At the conference Adobe MAX 2025 (Los Angeles, 28-30 Oct 2025) the company CYME unveiled a significant new version of its media-manager Peakto, including a public-beta plugin for Adobe Premiere Pro. The logic: give editors access to all their media (local drives, NAS, shared libraries) inside Premiere via AI-driven search and discovery.
What Peakto claims to offer
According to CYME the plugin lets users search across drives, NAS, and catalogues (such as Lightroom, Premiere projects, Apple Photos) using natural-language prompts. It enables insertion of found clips into the active Premiere timeline with one click. It supports collaboration via encrypted peer-to-peer sharing of media access without using the cloud. It runs on-device AI for media analysis (thus reducing reliance on cloud compute) and maintains local media storage.

How it differs from built-in capabilities
The article notes that Premiere’s own Media Intelligence (a built-in feature) only analyses clips imported into the current project. By contrast, Peakto extends search and discovery to the editor’s entire local library (imported or not) plus shared archives.
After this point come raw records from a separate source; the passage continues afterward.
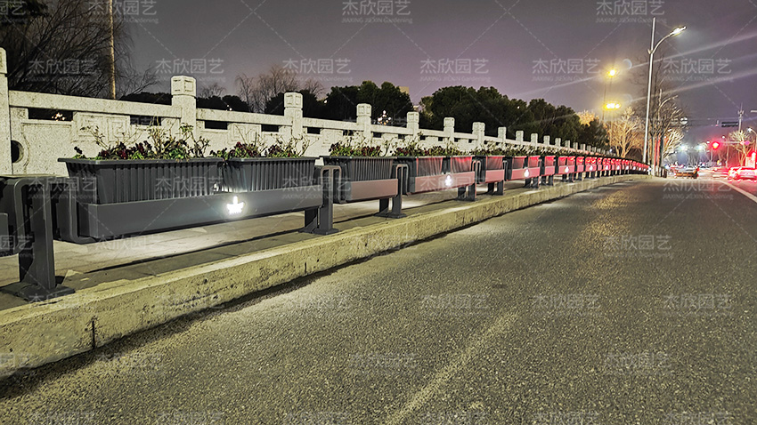 花箱方案选择的是现代风格,匹配城市风景。暖色灯光映照出温和的人间烟火。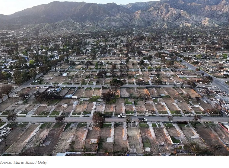 The idyllic foothill community was hardest hit by the Eaton Fire, which destroyed over 9,000 structures—including homes and businesses—in and around Altadena. According to UCLA researchers, Altadena’s Black residents were disproportionately impacted by the Eaton Fire, with nearly half of Black households in Altadena destroyed or badly damaged by the fire.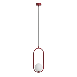 Lampa wisząca Riva Red Wine sprawdzi się jako źródło światła i element dekoracyjny nowoczesnej sypialni, jadalni lub salonu. Mleczny, kulisty klosz lampy osadzony jest w metalowej, smukłej, owalnej obręczy. Nowe wykończenie kolorystyczne to odcień czerwonego wina zbliżony do koloru roku wg Instytutu Pantone – Viva Magenta.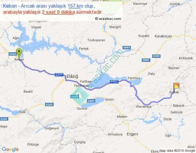 Keban - Arıcak arası yaklaşık olarak 90 km/h ile yukarıda belirtilen sürede olup, iki yerin kuş uçuşu uzaklığı (mesafesi) 123'dir. Yolculuk otobüsle 2 saat 47 dakika sürmektedir.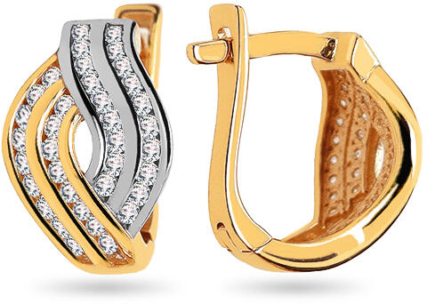 Kéttónusú arany fülbevaló cirkóniákkal, modell IZ27164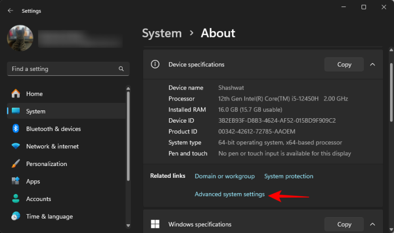 Step 3a: In the ‘Device specification’ section, click on the Advanced system settings related link.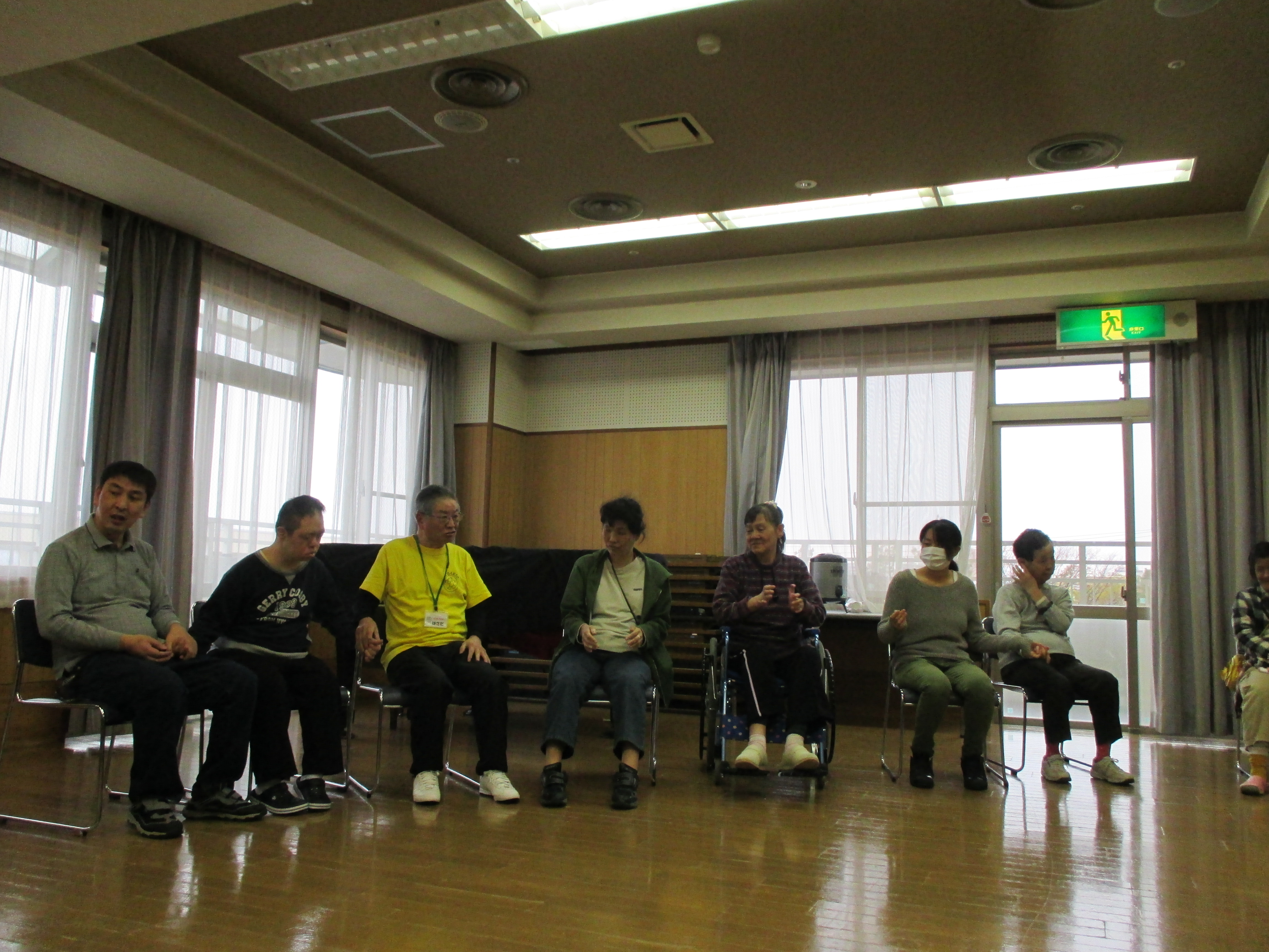 今回はいつも通り体操で体を動かすだけでなく、皆で椅子に座って歌や手遊びなども行ないました。椅子に座っての活動は今回が初めてでしたが、車椅子の方も、背の小さい方も、大きい方も・・・皆同じ目線で手と手・目と目を合わせて行なうことが出来、いつもよりも「みんなでやっている」という一体感が楽しめました。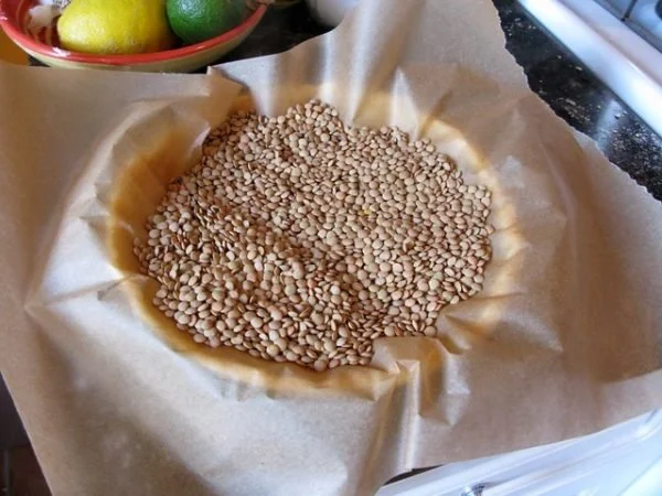 Then, when it came time to remove the lentils to bake the crust uncovered for a little bit I had a little accident: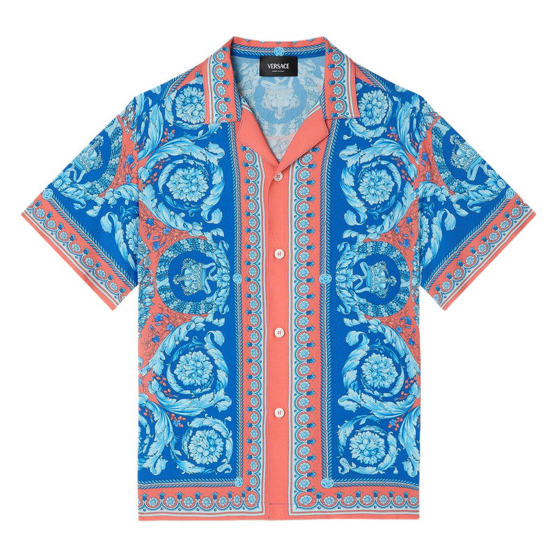 Versace Blue & Orange Shirt With Barocco Print
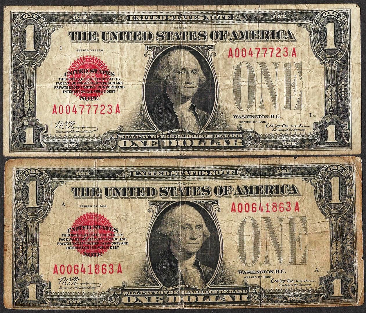 One Lot of (2) 1928 $1 Legal Tender Notes.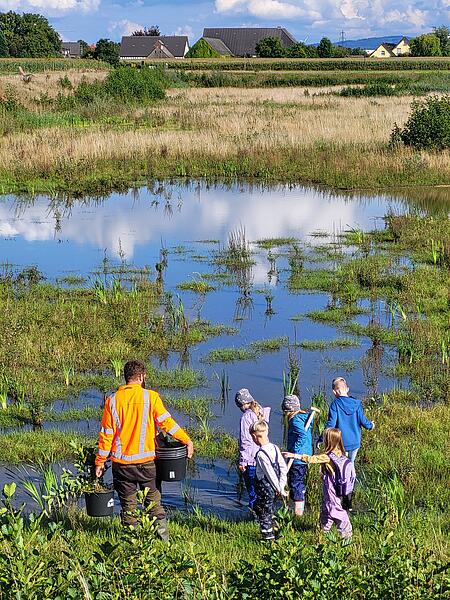 Bad Essen. Wie Renaturierung von Gewässern gelingt, das erlebten sechs Kinder im Alter von sieben bis zehn Jahren dieser Tage beim Unterhaltungsverband Nr. 70 "Obere Hunte" (UHV 70). Sie konnten sehen, wie die Natur sich ihr Areal zurückerobert, wenn die Bedingungen stimmen, und sie konnten aktiv an einem Renaturierungsprojekt mitwirken. Die Exkursion fand statt im Rahmen der Reihe „Zukunftsdiplom“ der VHS Osnabrücker Land.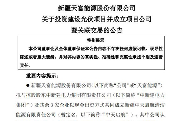 2024年10月10日,新疆天富能源股份有限公司同时公告,成立2家项目公司。 新疆中天昆仑新能源有限责任公司(暂定,以市场监督管理部门最终核定为准) 新疆天富能源股份有限公司拟以现金出资方式与新疆昆仑投资集团有限公司共同成立项目公司建设运营草湖项目区 5.4MW 分布式光伏项目,新公司注册资本为 400 万元,其中:天富能源出资 ...
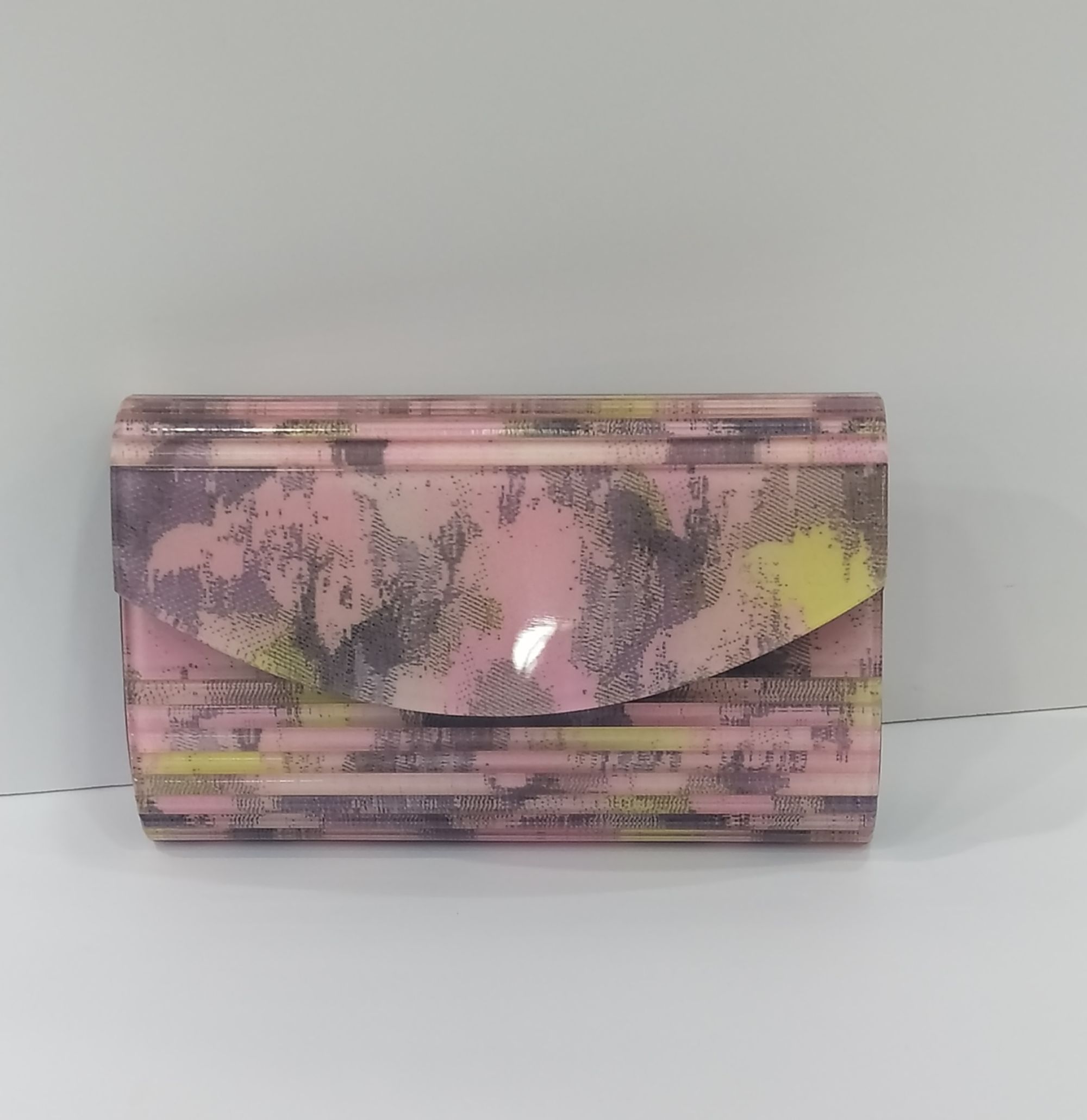 Bolso clutch de nacar con entornos de agua marina, tonos rosados con solapa y cadena dorada.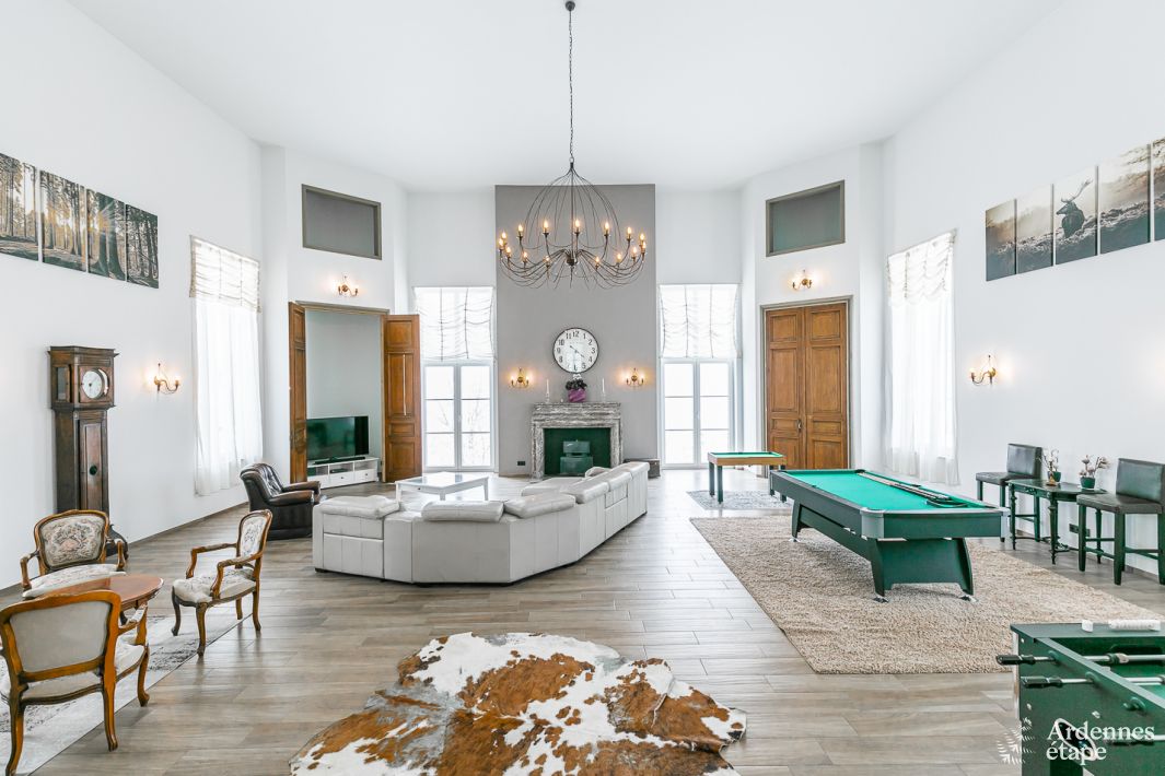 Je voelt je baron en barones in dit fantastische vakantiehuis! Tijdens ons verblijf bezochten we 3 kastelen en tot onze verbazing waren de plafonds daar lager dan in onze vakantiewoning. We genoten van een heerlijke vakantie met 10 volwassenen en genoten van het biljarten in de living. Enig klein minpuntje is dat de kamer met stapelbedden niet echt geschikt is voor volwassenen, dat er beneden 1 slechte matras was en de tuin niet rechtstreeks toegankelijk vanuit het huis maar dit is een detail.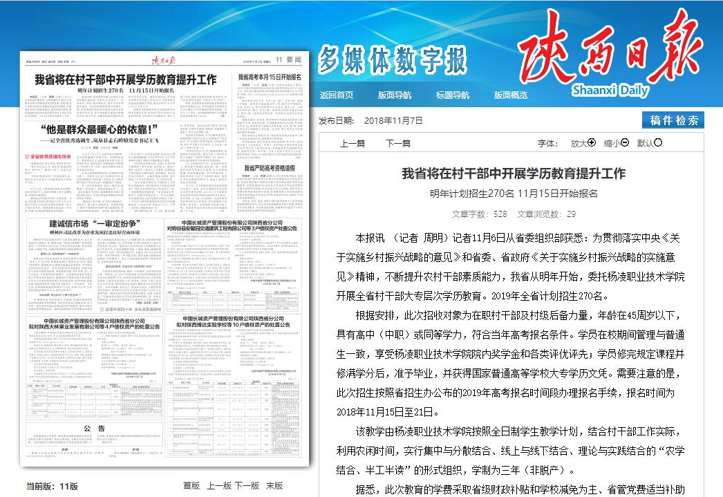 本报讯 (记者 周明)记者11月6日从省委组织部获悉:为贯彻落实中央《关于实施乡村振兴战略的意见》和省委、省政府《关于实施乡村振兴战略的实施意见》精神,不断提升农村干部素质能力,我省从明年开始,委托杨凌职业技术学院开展全省村干部大专层次学历教育。2019年全省计划招生270名。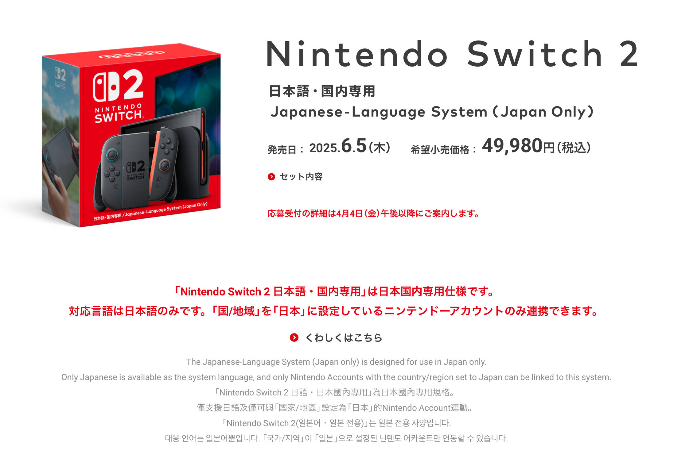 僅支援日語及僅可與「國家/地區」設定為「日本」的Nintendo Account連動。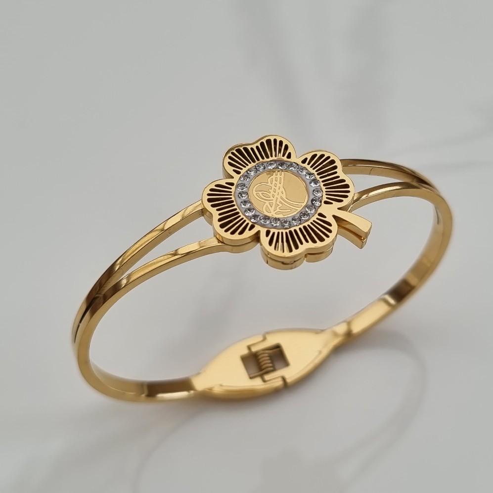 18k Gold Plated Flower Zircon Bangle Stainless Steel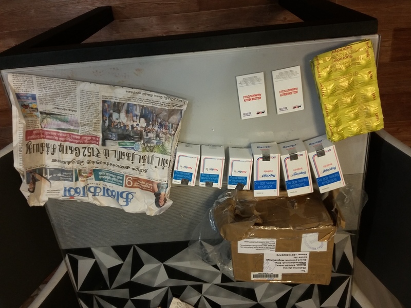 При вскрытии коробки были согласно заказу 3 баночки Virpas Софосбувир + Ледипасвир (у меня гепатит С 1 генотип) и витамины 6 пластин Супрадина (очень приятно, витамины я люблю). Начала проверять соответствие цифр на коробках и банках, совпало.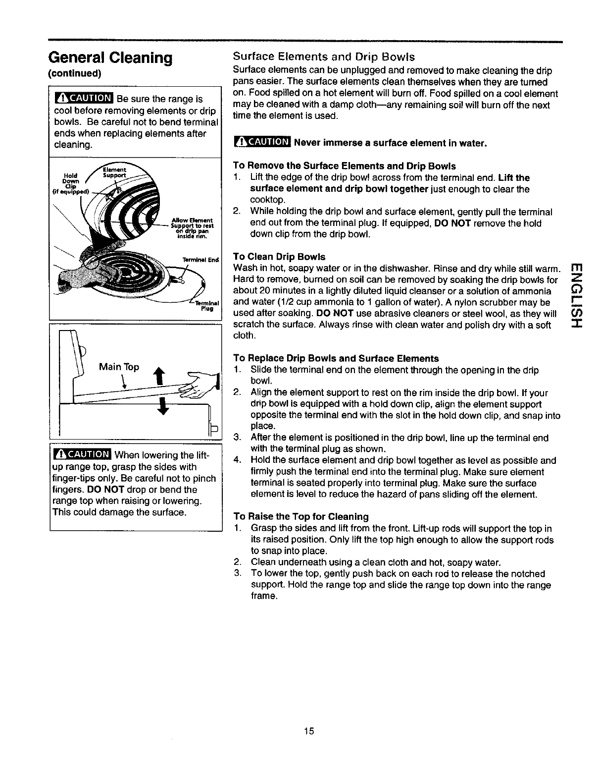 corrosion. Remove and wash drip bowls as soon as possible after a spillover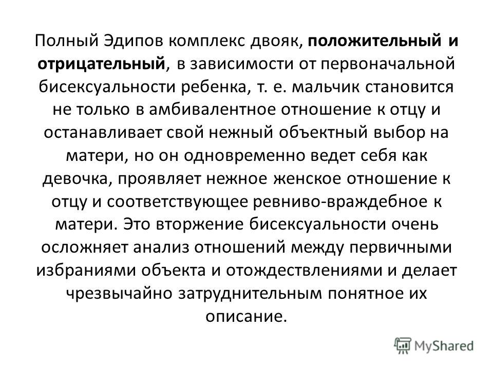 Фрейд использует греческую трагедию «Царь Эдип», чтобы проиллюстрировать универсальность амбивалентности ребенка по отношению к своим родителям, а также развитие гетеро- и гомосексуальных компонентов.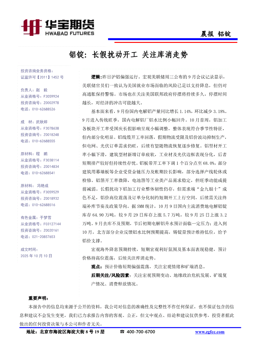 华宝期货-铝锭:长假扰动开工,关注库消走势-251010
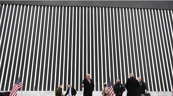 지난 2021년 1월 당시 도널드 트럼프 미국 대통령이 텍사스주 알라모의 미국-멕시코 국경장벽을 시찰하고 있다. / 뉴스1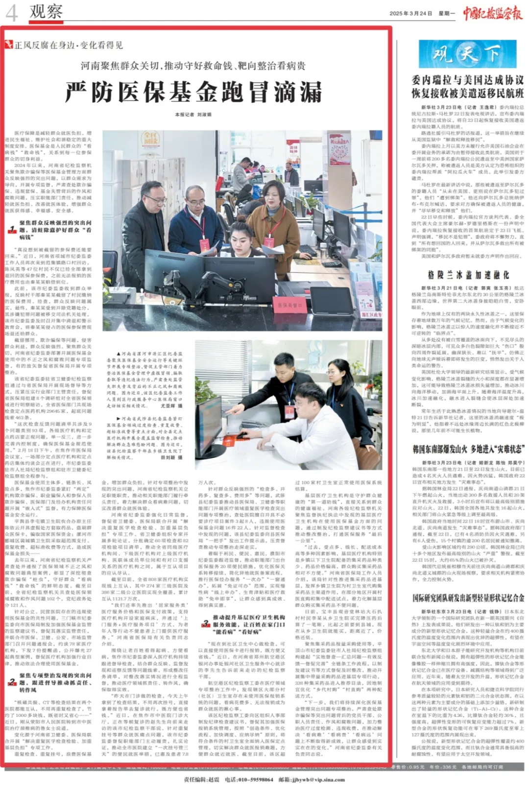 3月24日,中国纪检监察报专版刊发《河南聚焦群众关切,推动守好救命钱、靶向整治看病贵 严防医保基金跑冒滴漏》,报道河南纪检监察机关严肃查处欺诈骗保、违规套保、基金失管背后的作风和腐败问题,压实职能部门责任,推动减轻就医负担、改善就医体验,增强群众就医获得感、幸福感、安全感的生动实践。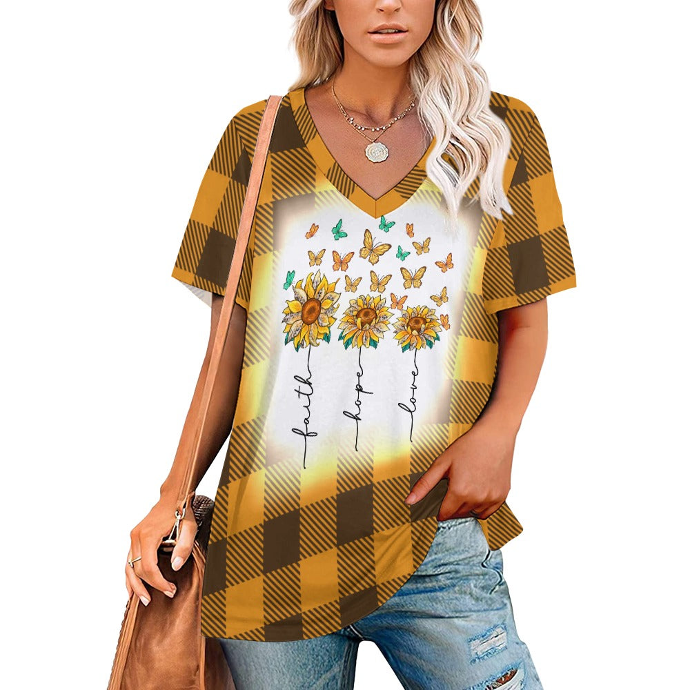 Buffalo Plaid Faith Hope Love V-Neck Loose Short Sleeve T-Shirt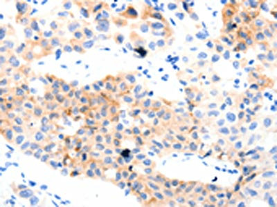 The image on the left is immunohistochemistry of paraffin-embedded Human lung cancer tissue using CSB-PA241224(GPR3 Antibody) at dilution 1/55, on the right is treated with synthetic peptide. (Original magnification: ×200)

System requirements & licensing
The plugin is optimised for macOS 12+ (Monterey and newer), running on Apple Silicon (M1/M2/M3) and Mac Intel with a “powerful GPU”. Minimum requirements include 2 GB free space, 4 GB RAM (8 GB recommended). Storage must allow accommodation for the Peakto library and database; SSD is recommended. Pricing at launch: Standard tier (Mac-compatible software + web access) starts at US $10/month. Pro tier (adds multi-user web access, guest access and the Premiere plugin) starts at US $25/month per user. A perpetual licence for the Standard version (includes one year of updates) is also offered. Also: Depending on your location, the prices are adjusted in diffrent currencies. Just a warning.

Editorial take for production pros
For editors, colourists, DI-artists and post-supervisors the key value proposition here is discoverability and collaboration: If you maintain large local media archives (drives, NAS), or work with remote collaborators, a tool that lets you search everything by natural language from inside Premiere could save time. Also keeping media local and private (no cloud upload) is a plus for projects with strict confidentiality.
However: It’s still beta, so stability, performance and integration quirks are unknown. It’s Mac-only (at least at launch), no mention yet of Windows support (or if there ever will be one). The time cost of indexing large archives could be substantial (not disclosed in detail). As with any plugin that intersects editing workflow the risk of workflow interruption exists – testing in a non-critical environment is recommended.
Bottom line
“Peakto for Premiere Pro” is a promising add-on for asset management inside editing workflows, addressing a genuine pain-point on large projects. But until it’s fully released and tested across platforms the standard caveats apply: test before deploying in production.